Please reproduce the lines of the records below from the one holding "Pintura Terapêutica com" through the one holding "Rond 2019–2021 kantelde", inclusive, skipping all pictures.

PROVIDED INFORMATION:

>>>

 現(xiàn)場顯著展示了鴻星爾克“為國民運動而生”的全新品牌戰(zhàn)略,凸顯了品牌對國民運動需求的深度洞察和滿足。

<<<
>>>

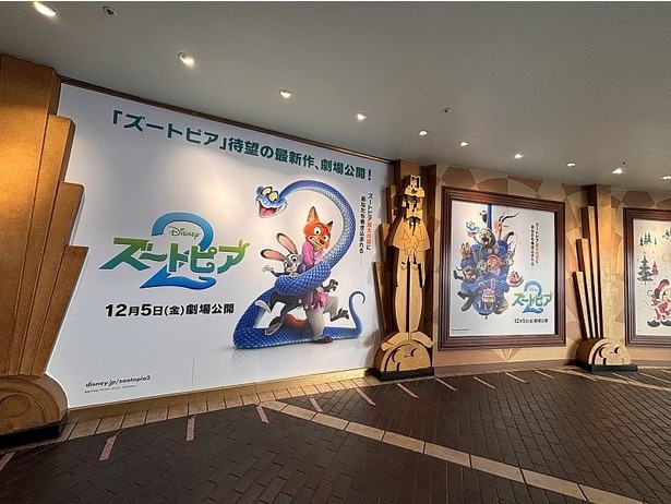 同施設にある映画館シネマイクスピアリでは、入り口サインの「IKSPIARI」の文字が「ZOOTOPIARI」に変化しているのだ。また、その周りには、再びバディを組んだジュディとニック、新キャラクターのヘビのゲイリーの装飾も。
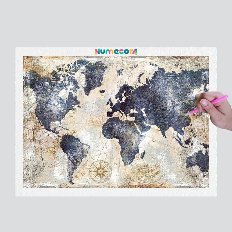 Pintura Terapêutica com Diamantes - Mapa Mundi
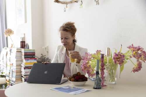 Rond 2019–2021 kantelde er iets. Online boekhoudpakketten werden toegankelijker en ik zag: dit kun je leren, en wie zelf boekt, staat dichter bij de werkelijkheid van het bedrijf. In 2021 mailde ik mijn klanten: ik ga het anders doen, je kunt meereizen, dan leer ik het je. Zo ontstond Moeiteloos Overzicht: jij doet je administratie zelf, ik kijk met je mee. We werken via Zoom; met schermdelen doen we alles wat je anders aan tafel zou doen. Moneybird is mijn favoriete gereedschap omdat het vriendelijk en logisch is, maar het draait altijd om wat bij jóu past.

<<<
>>>

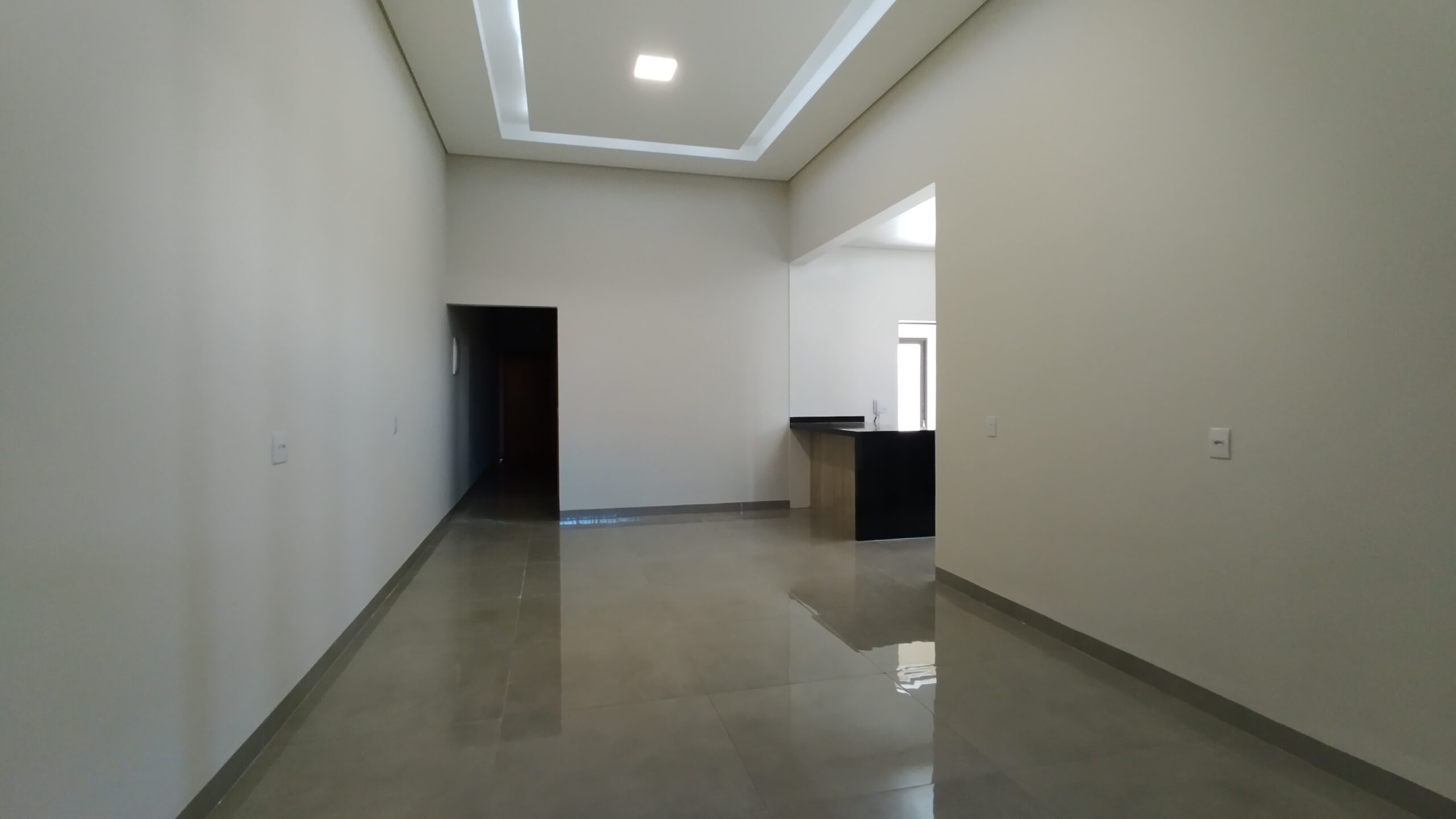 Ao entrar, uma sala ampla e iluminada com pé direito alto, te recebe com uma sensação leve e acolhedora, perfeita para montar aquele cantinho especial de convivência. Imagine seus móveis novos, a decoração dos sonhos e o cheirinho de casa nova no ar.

<<<

EXERCISE ANSWER:
 Pintura Terapêutica com Diamantes - Mapa Mundi
 Rond 2019–2021 kantelde er iets. Online boekhoudpakketten werden toegankelijker en ik zag: dit kun je leren, en wie zelf boekt, staat dichter bij de werkelijkheid van het bedrijf. In 2021 mailde ik mijn klanten: ik ga het anders doen, je kunt meereizen, dan leer ik het je. Zo ontstond Moeiteloos Overzicht: jij doet je administratie zelf, ik kijk met je mee. We werken via Zoom; met schermdelen doen we alles wat je anders aan tafel zou doen. Moneybird is mijn favoriete gereedschap omdat het vriendelijk en logisch is, maar het draait altijd om wat bij jóu past.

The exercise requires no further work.